Lawmakers have lately been seen dressed in similar attires and colors in House of Representatives (HoR) meetings.
During his swearing-in ceremony on December 26, Prime Minister Pushpa Kamal Dahal wore daura suruwal for the first time.
He even clarified about it during his speech in Parliament the next day. “I was never against daura suruwal and coat,” he said. “I did not see display of revolutionism bringing good results in elections. Those who wear it [daura suruwal] have won. Those who don’t have lost.”
The House erupted in laughter following his remarks.
Newly-elected HoR members took the oath of office and secrecy in their traditional attires, showcasing Nepal’s ethnic diversity. CPN-UML, however, had asked its male lawmakers to wear daura suruwal and female lawmakers to wear sari.
UML Chairman Oli and CPN (Maoist Center) Chairman Dahal were both seen wearing red mufflers during the lawmakers’ swearing-in ceremony in Parliament. Rastriya Prajatantra Party Chairman Rajendra Lingden sported a red sweater.
Sharing a light moment with leaders after the ceremony, National Assembly Chairperson Ganesh Timilsina even joked about how he saw red all around him.
Female lawmakers from UML have lately been wearing blue sari to Parliament.

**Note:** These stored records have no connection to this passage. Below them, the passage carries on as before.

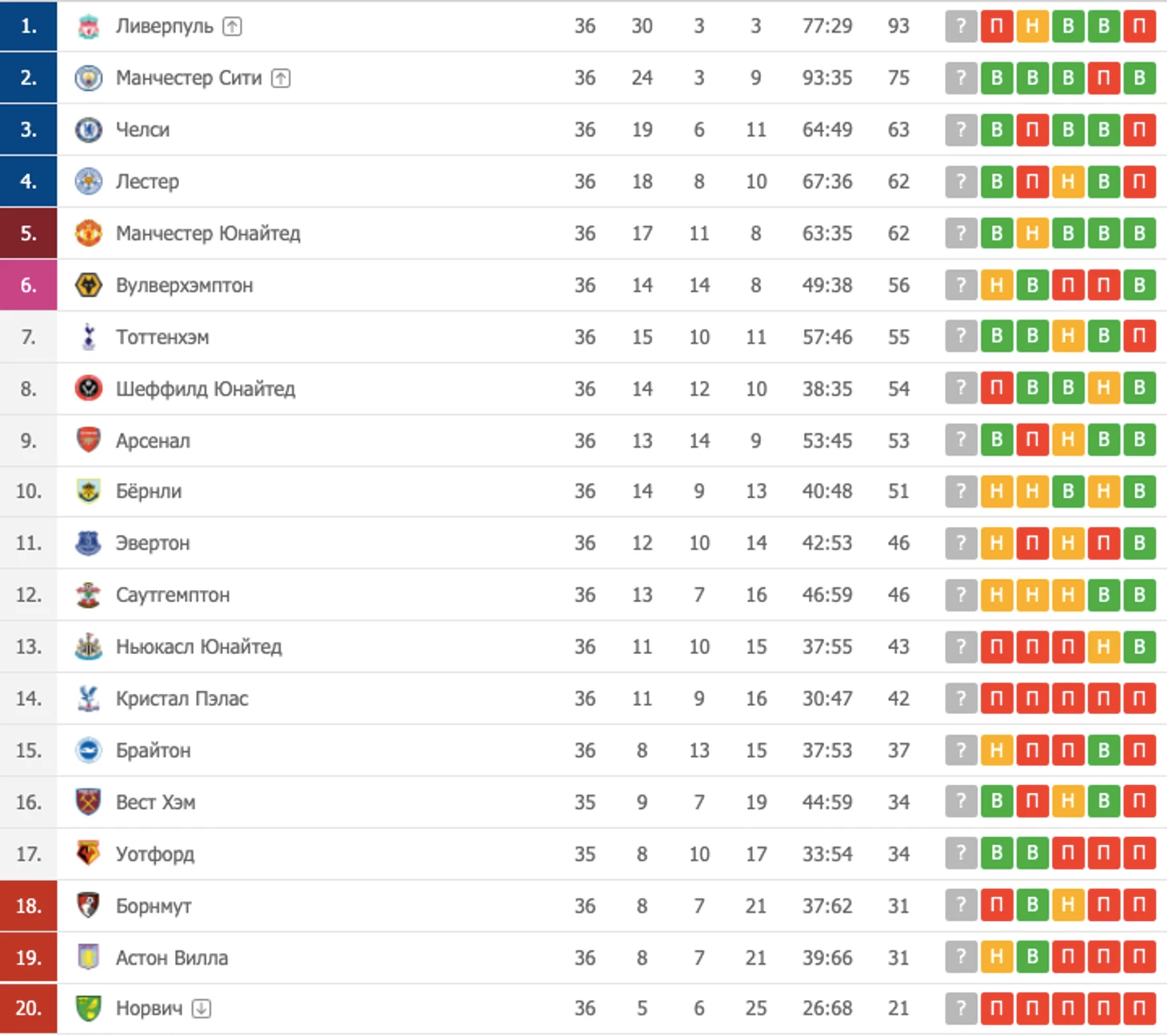 Всем привет, дорогие читатели! Сегодня поздним вечером в матче за шесть очков «Вест Хэм» и «Уотфорд» решат, кто спасется заранее и со спокойной душой может мечтать о следующем сезоне, а кто будет оглядываться на «Борнмут» (перебивший «Манчестер Сити» на его же поле) и «Астон Виллу». До конца АПЛ всего лишь два тура, друзья, и ситуация накалена не на шутку. Потеряли шансы на ЛЧ «Шеффилд» и «Вулвз», «МЮ» одержал важную победу над «Кристал Пэлас», а батя и секс-символ АПЛ Оливье Жиру, как мы и обещали в прошлом превью, оставил «Челси» в гонке за ЛЧ. Давайте же еще раз насладимся плотностью таблицы перед решающими матчами. Только на первые две строчки и последнюю не смотрите, там неинтересно.
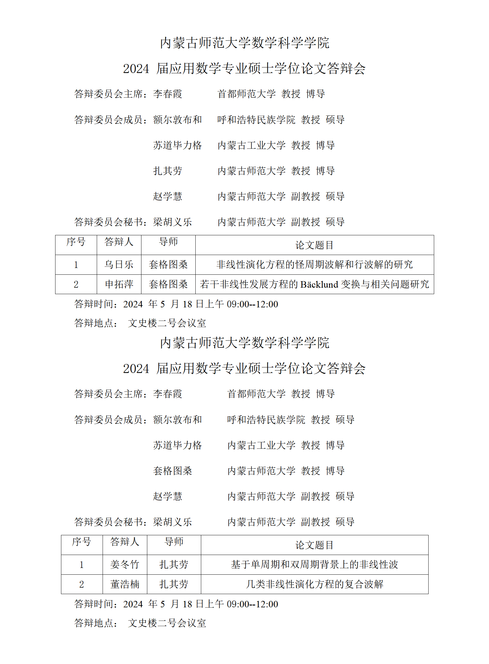 2024届数学专业硕士学位论文答辩会(二)
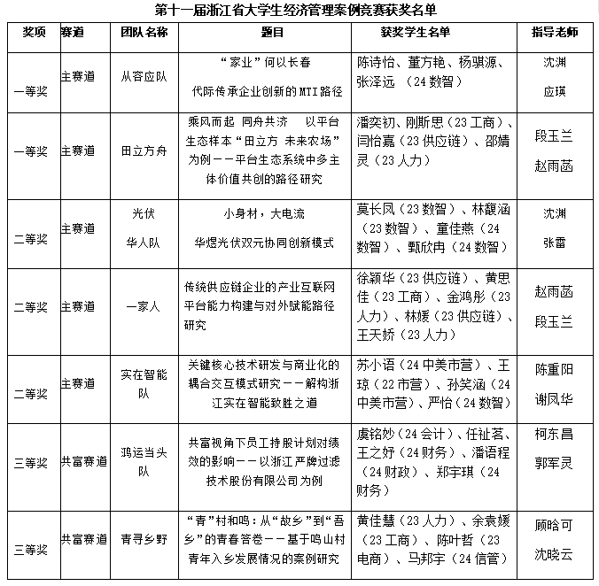 浙江省大学生经济管理案例竞赛是省级A类学科竞赛,由省教育厅、省经济和信息委员会主办,共分主赛道、共富赛道、公共管理赛道三个赛道,全省共有596支队伍(含研究生)参赛。大赛旨在促进我省高校经济管理类专业建设,提升案例研究与教学水平,增强大学生的实践创新能力和团结协作精神,发掘、提炼、传播当前经济转型和产业升级过程中的管理创新实践特色与亮点,为推广先进适用的管理理念、方法和模式提供案例借鉴。

UML Chairman Oli and his wife Radhika Shakya had gifted blue saris to newly-elected female lawmakers from the party on December 22. Shakya had invited the lawmakers to their residence after the swearing-in ceremony and gifted them blue saris.
The female lawmakers wore the blue saris during the first House meeting on January 9 and also during PM Dahal’s floor test a day later.
When the House meeting on January 10 was postponed from 11 AM to 1 PM, some female lawmakers took the opportunity to discuss saris too. Nepali Congress lawmakers Arju Rana Deuba and Manju Khand inquired with female lawmakers from UML about their saris. UML lawmaker Sarita Bhusal told them that they had received the saris as gifts.
Red muffler seems to be another favorite with lawmakers these days, with most male and some female lawmakers seen wearing red mufflers in House meetings.